The world's largest coal miner, Shenhua Group Corp., has suspended its billion-ton Watermark coal project after the government of Australia's New South Wales state cancelled existing planning laws due to objections from farm groups.

The Watermark project--the first-ever overseas development by China's Shenhua, which accounted for around 6% of global coal sales in 2009--will be suspended pending a replacement for the state's 'Part 3A' planning system, the company said.

"We are on a complete hiatus until the government lets us know what's happening," a Shenhua spokeswoman told Dow Jones Newswires. "We are continuing with some baseline environmental studies, but nothing major until we get information or direction."

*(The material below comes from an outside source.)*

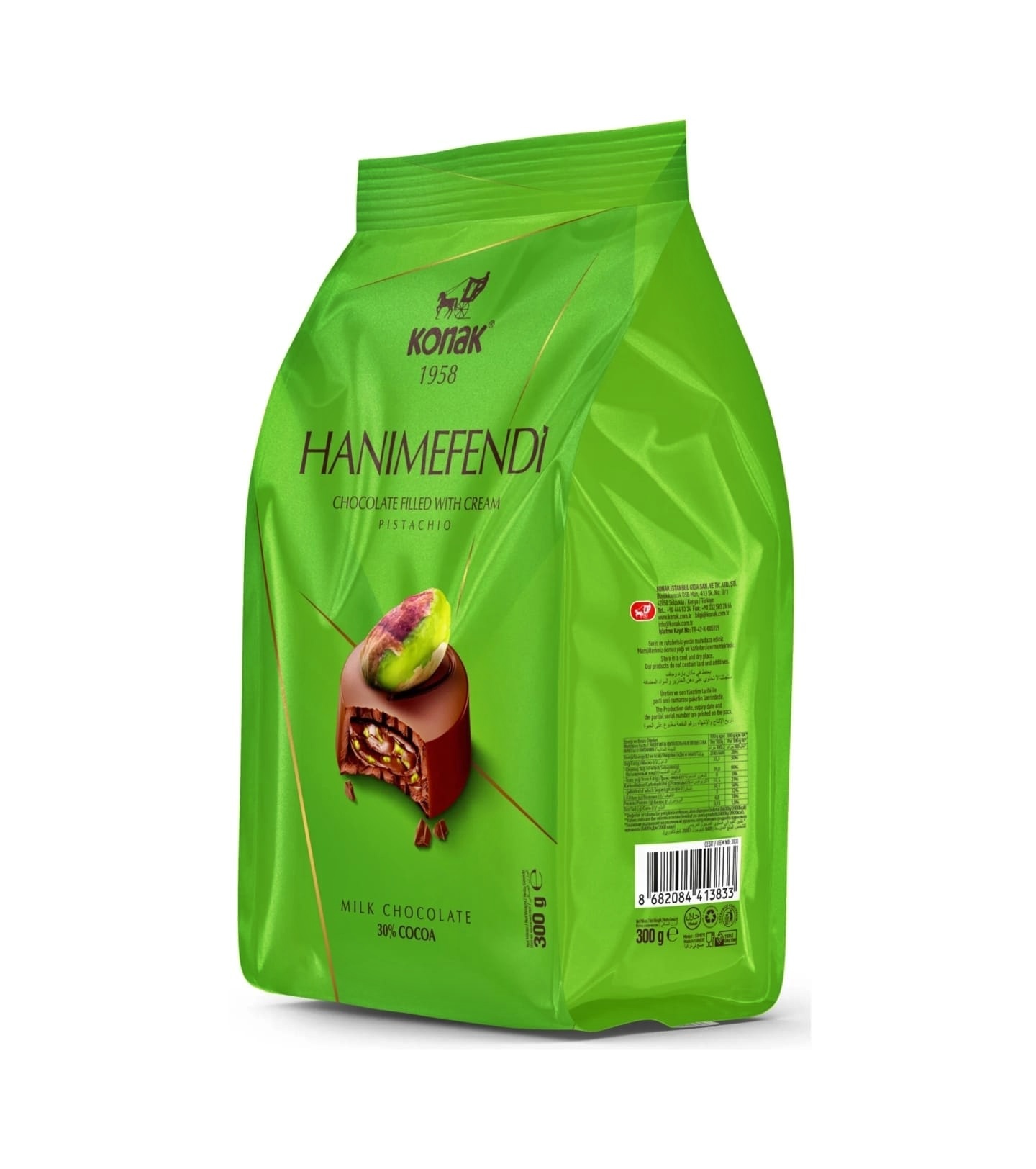 KONAK 320008 -- HANIMEFENDİ SÜTLÜ ANTEP FISTIKLI ÇİKOLATA 300 GR (ADET FİYATIDIR. KOLİ İÇİ 12 ADETTİR)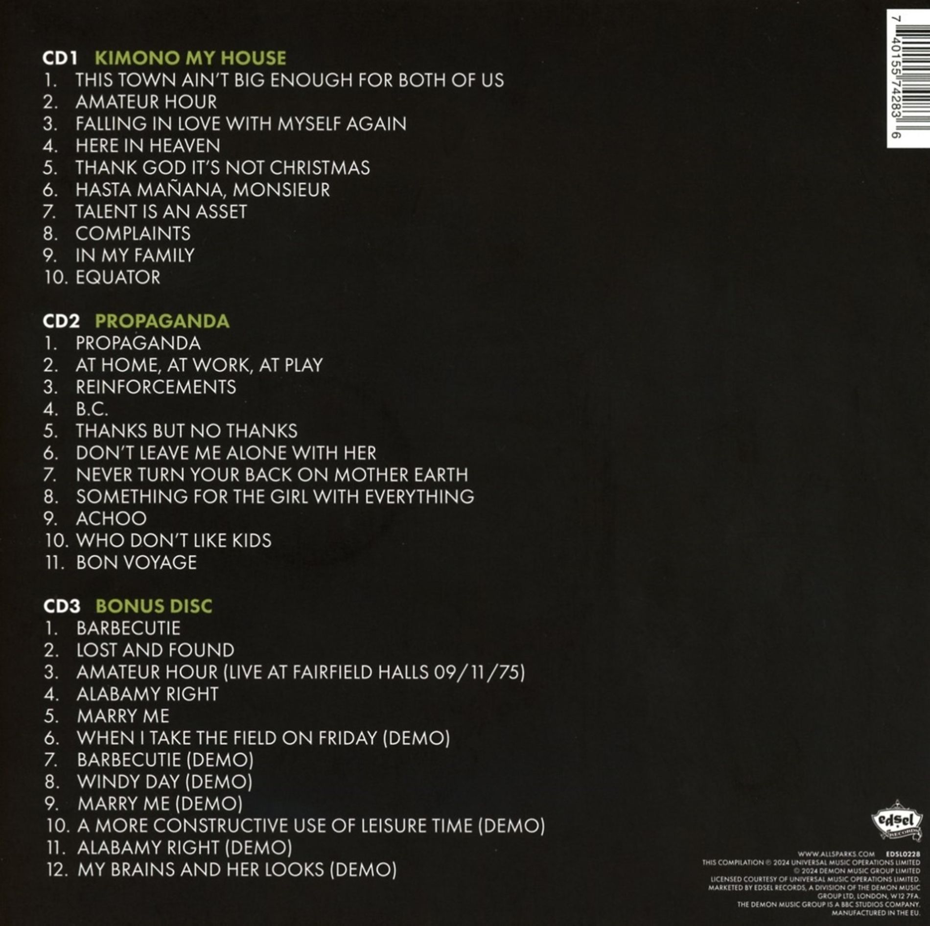 Sparks - Kimono My House-Propaganda / 3CD

New South Wales is home to the Hunter Valley, the world's largest coal export basin, as well as significant gold and copper deposits.

The state's planning minister, Brad Hazzard, on Thursday introduced legislation in the state parliament to replace the 3A system, a controversial process that critics said allowed the state government to approve major projects over the heads of local communities.

But Shenhua said it needed more certainty before proceeding further with the project. "It's all very well saying we won't come under part 3A, but that means nothing until we know what it will come under."

Shenhua is currently preparing a feasibility study for the Watermark project, which sits on the fertile Liverpool Plains region inland from New South Wales' Central Coast and hopes to start construction in 2013 for a mine producing around 10 million tons of coal a year.

But farm groups in the region have objected strongly to the development and the nearby Caroona project, a 500 million-ton resource being developed by BHP Billiton Ltd. (BHP).

Executives say that project approvals have become harder, with numerous projects put on hold since a new state government was elected in New South Wales in March with a promise to revise the existing planning system.

In April, White Energy Co. (WEC.AU) cancelled its planned A$500 million acquisition of Cascade Coal Ltd., citing the tougher regulatory environment since the change of government.

Mining groups have also objected strongly to a 60-day moratorium imposed by the government last month on the granting of new exploration leases.